【エルサレム共同】イスラエル軍は親イラン民兵組織ヒズボラを掃討するためレバノン南部に地上侵攻した。軍が1日、発表した。対象を絞った「限定的」な作戦と主張している。侵攻は2006年7月以来、約18年ぶり。イスラエル軍は同日、イランがミサイルを発射したと発表した。昨年10月に始まったパレスチナ自治区ガザの戦火が拡大した。大規模な地域紛争に発展する恐れが一気に高まり、中東情勢は重大局面を迎えた。

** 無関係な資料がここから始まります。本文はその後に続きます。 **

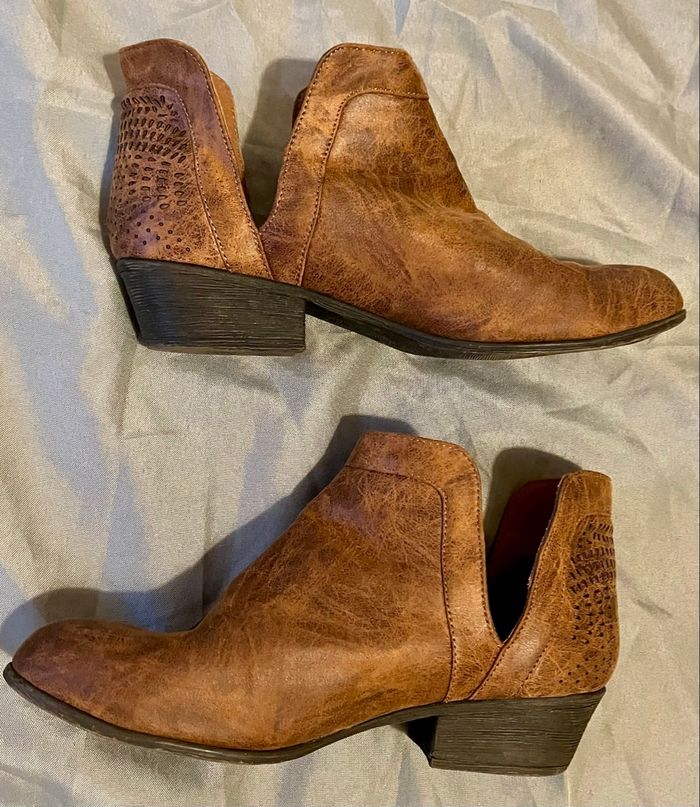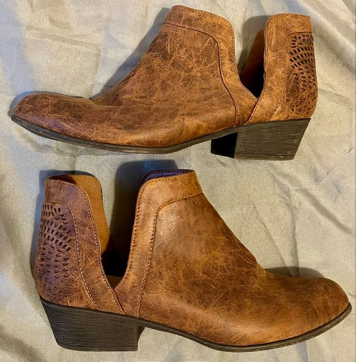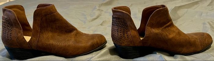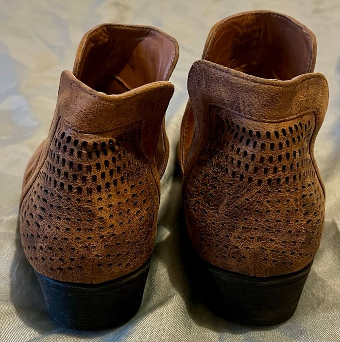 👞 Bottines femme de la marque JustFab, couleur marron, style intemporel et facile à porter, taille 38. Avec des talons bas confortables, des détails ajourés à l’arrière ainsi qu’un simili cuir patiné, ce sont des chaussures confortables et jolies. Peu portées, en très bon état (voir photos 📸) Remise en mains propres et envois possibles 📤 Possibilités de regrouper plusieurs articles que j’ai en vente 🏷️ Les articles sont en bon état, propres et bien conservés. Prêts à être portés ✔️ N’hésitez pas à me contacter si vous désirez plus d’informations 🤗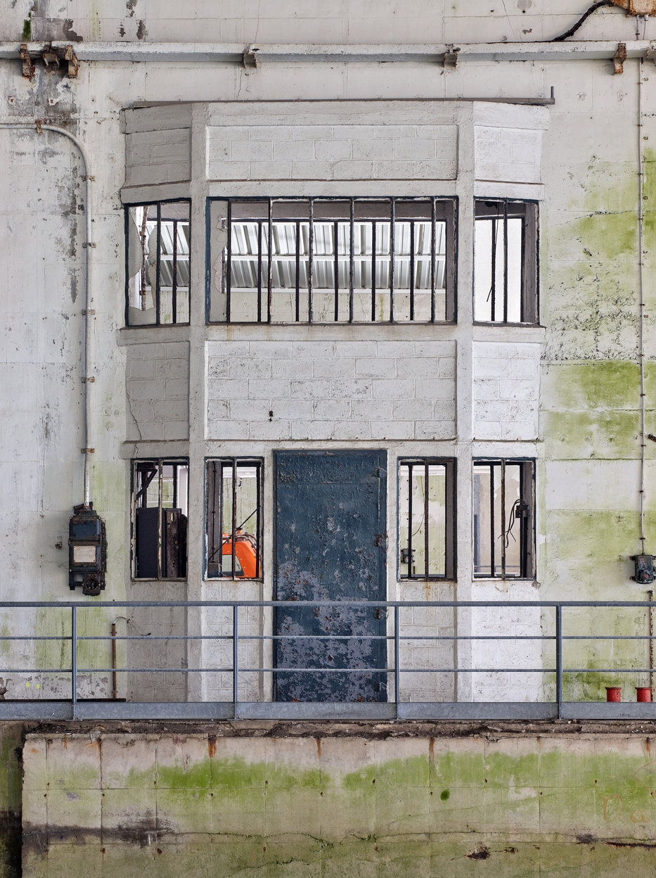 Vue de la salle des pompes aménagée dans l'épaisseur du mur de refend entre les alvéoles D et E. Au premier plan, le quai n° 19Immatriculation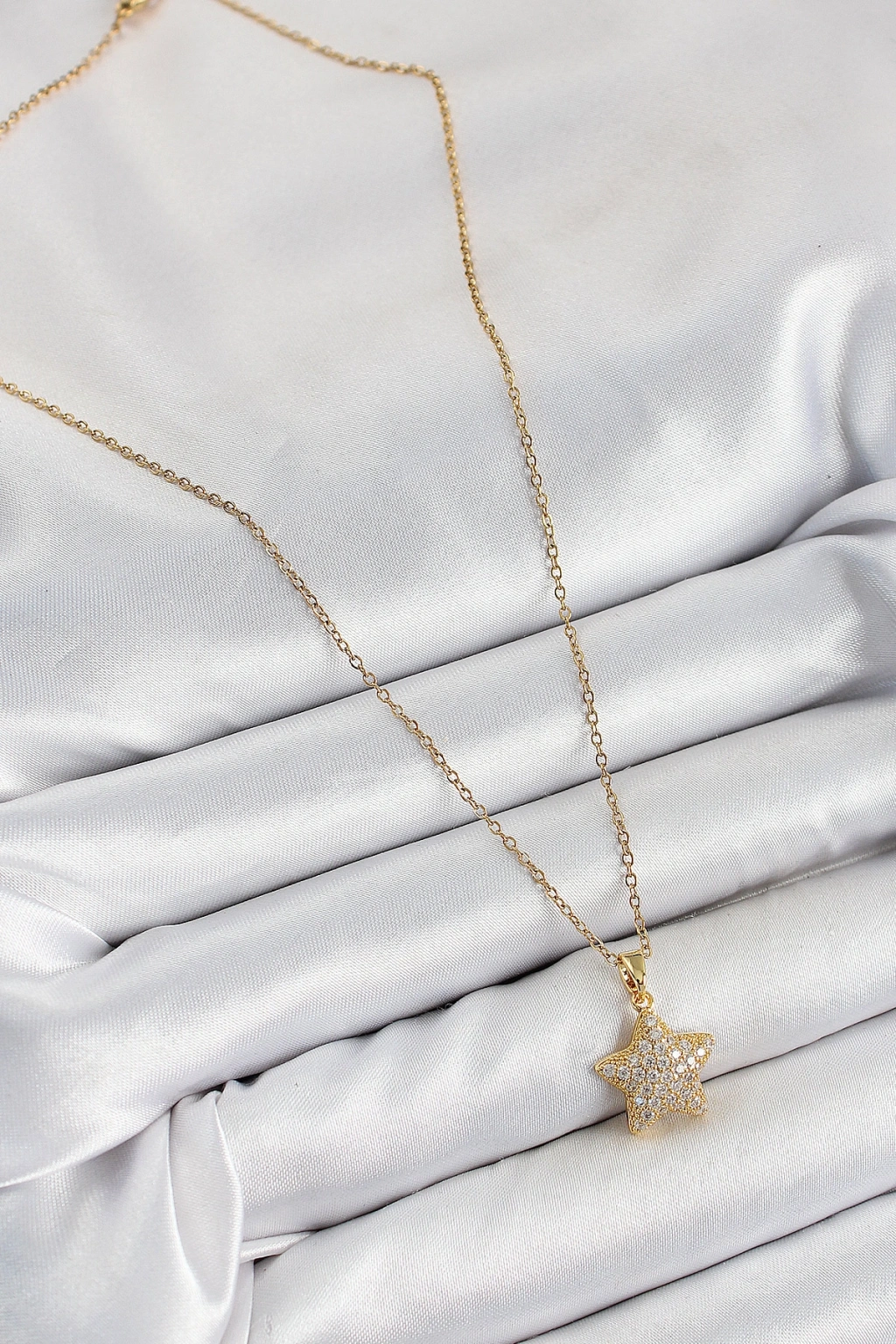 316L Çelik Zirkon Taşlı Yıldız Model Gold Renk Kadın Kolye

ロイター通信は1日、米政府高官の話として、イランがイスラエルに対して弾道ミサイル攻撃を近く実施する準備をしている兆候があると報道。イスラエル軍報道官は「防空システムの準備は万全だ」と強調していた。
軍報道官は1日、レバノン南部で激しい戦闘が起きていると、X(旧ツイッター)で明らかにした。ヒズボラは応戦する構えで、イスラエル中部テルアビブにある対外特務機関モサド本部を標的にロケット弾を発射したと主張した。地元メディアは破片でけが人が出たと報じた。

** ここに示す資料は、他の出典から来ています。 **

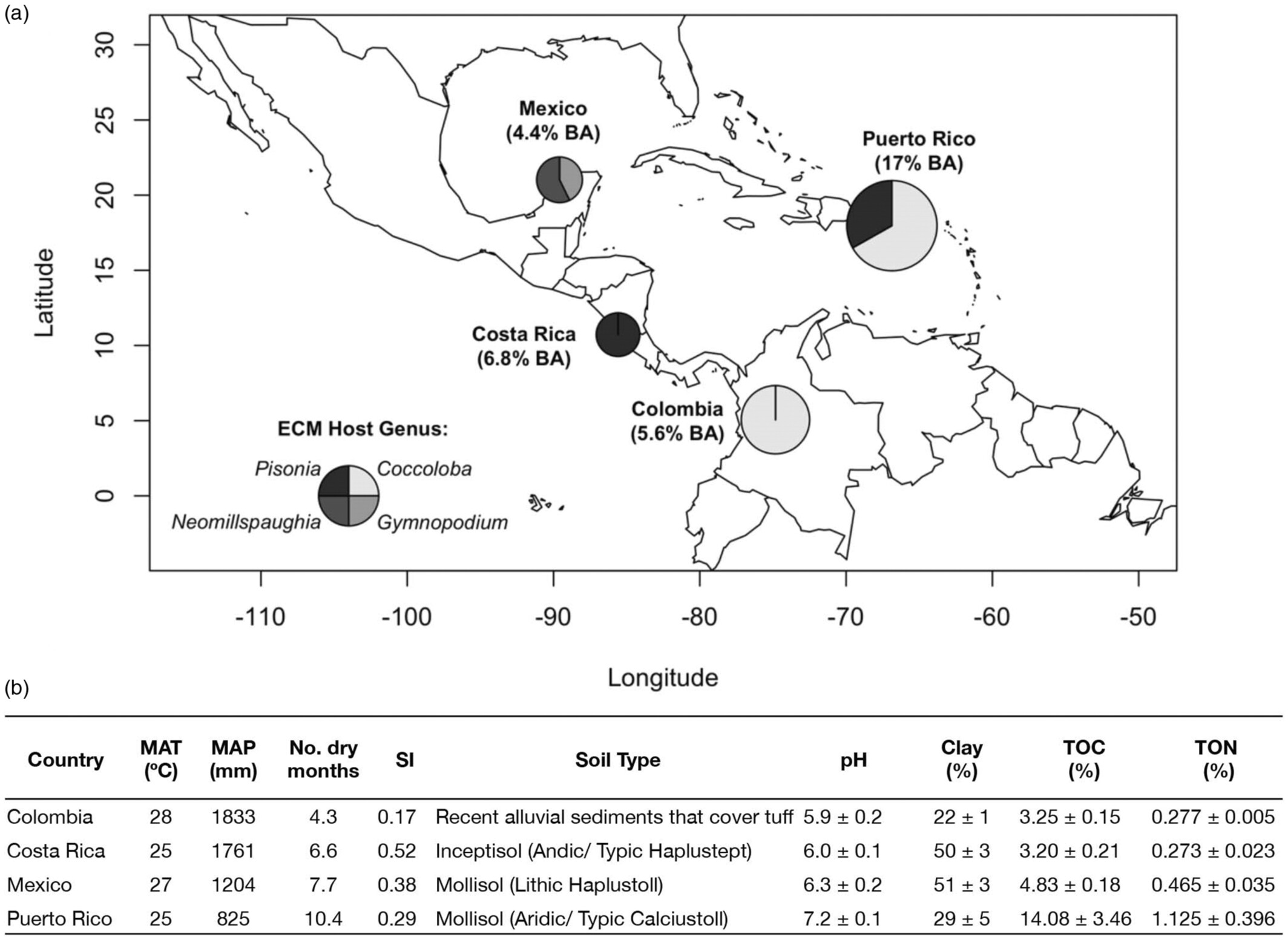 Seasonally dry tropical forests are characterized by a prolonged and severe dry seasons, during which many plant species are deciduous. Unlike wet forests, that tend to be relatively homogeneous (at least in climate), SDTF occupy a wide range climate conditions. The researchers exploited this variation, with dry seasons ranging from 4 to 10 months, by establishing similar permanent plots in Mexico, Costa Rica, Puerto Rico and Colombia. They then used identical protocols to sample ECM fungi from the soil and collected standardized data on climate, soil chemistry and vegetation. These datasets allowed them to assess how environmental variables and physical distance affected the composition of the ECM community, characterized by sequencing fungal ITS rDNA.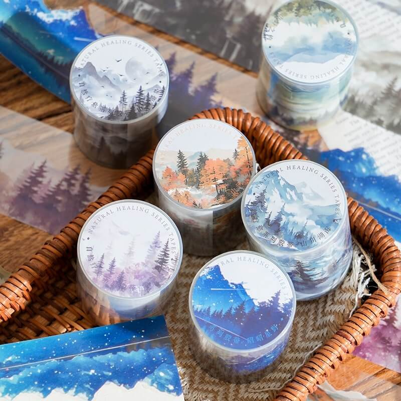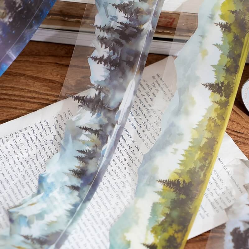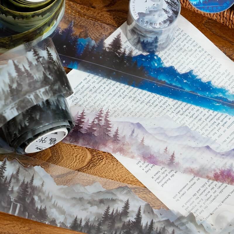 Mountain View Tape can be freely cut and stacked with other stickers and material papers to make the layers more rich. Not only for handbook collage, but also can be used for album making, gift wrapping and other DIY decorations, add some unique decorations to the work, make it more beautiful!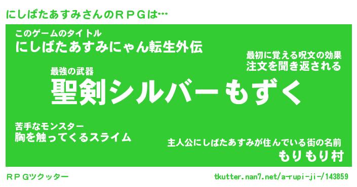 | 男性向けラノベタイトル風あだ名 | 『にしばたあすみの憂鬱』 |

米国防総省によると、オースティン国防長官は9月30日、イスラエルのガラント国防相と電話会談し、レバノン国境付近にあるヒズボラの「攻撃用のインフラ」を破壊する必要性で一致した。ヒズボラはレバノン南部に地下トンネルを張り巡らせている。
イスラエル軍報道官は10月1日、各国がヒズボラを国境地帯から撤退させられないなら「われわれがやるしか選択肢はない」と侵攻を正当化。軍はレバノン南部にある25以上の村の住民に北へ退避するよう要求し「ヒズボラが利用している住宅」などに対する広範囲の攻撃を示唆した。予備役の追加招集も発表した。ネタニヤフ首相は「イランの悪の枢軸に対する戦いの最中だ。共に試練の日々に立ち向かおう」と国民に呼びかけた。
イスラエル軍はレバノンの首都ベイルート南部などへの空爆も続行。レバノン保健当局の1日未明の発表によると、過去24時間で95人が死亡、170人以上が負傷した。
軍は9月中旬からレバノン空爆を激化させ、ヒズボラの指導者だったナスララ師らを殺害した。